Высказывал мысли, записанные в последние часы жизни: "Созданный для большого творчества во имя коммунизма, с шестнадцати лет связанный с партией - с рабочими и крестьянами, наделенный богом талантом незаурядным, я был полон самых высоких мыслей и чувств, какие только может породить жизнь народа, соединенная с прекрасными идеалами коммунизма.

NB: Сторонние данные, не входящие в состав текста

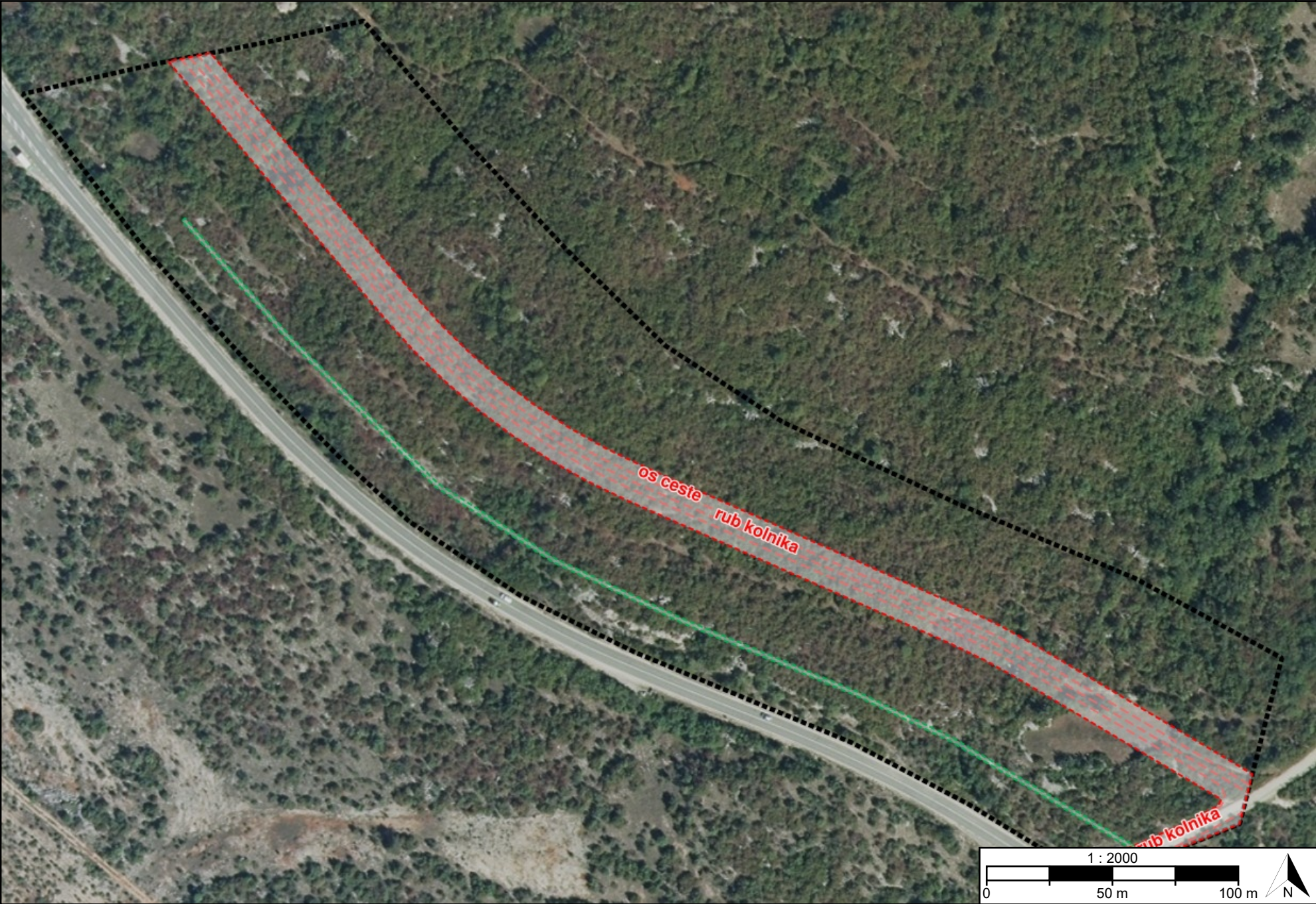
Postupak izrade i donošenja prostornog plana Urbanistički plan uređenja stambene zone "Ugljane"

Но меня превратили в лошадь ломового извоза, всю жизнь я плелся под кладью бездарных, неоправданных, могущих быть восполненными любым человеком, неисчислимых бюрократических дел..."
Ночные гости
Покойная Лидия Сейфуллина в белом халатике сестры милосердия, с полными слез глазами, сочувствовала: "Саша, я ведь знаю, какой ты хороший!.. Если бы человеку знать, кого он потеряет завтра, через неделю, через год, может быть, легче ощущался бы его уход. А то остаются несказанные слова, неотданная ласка, и оттого горше печаль... У каждого своя голгофа. Вот и ты, милый Саша, восходишь на свою..."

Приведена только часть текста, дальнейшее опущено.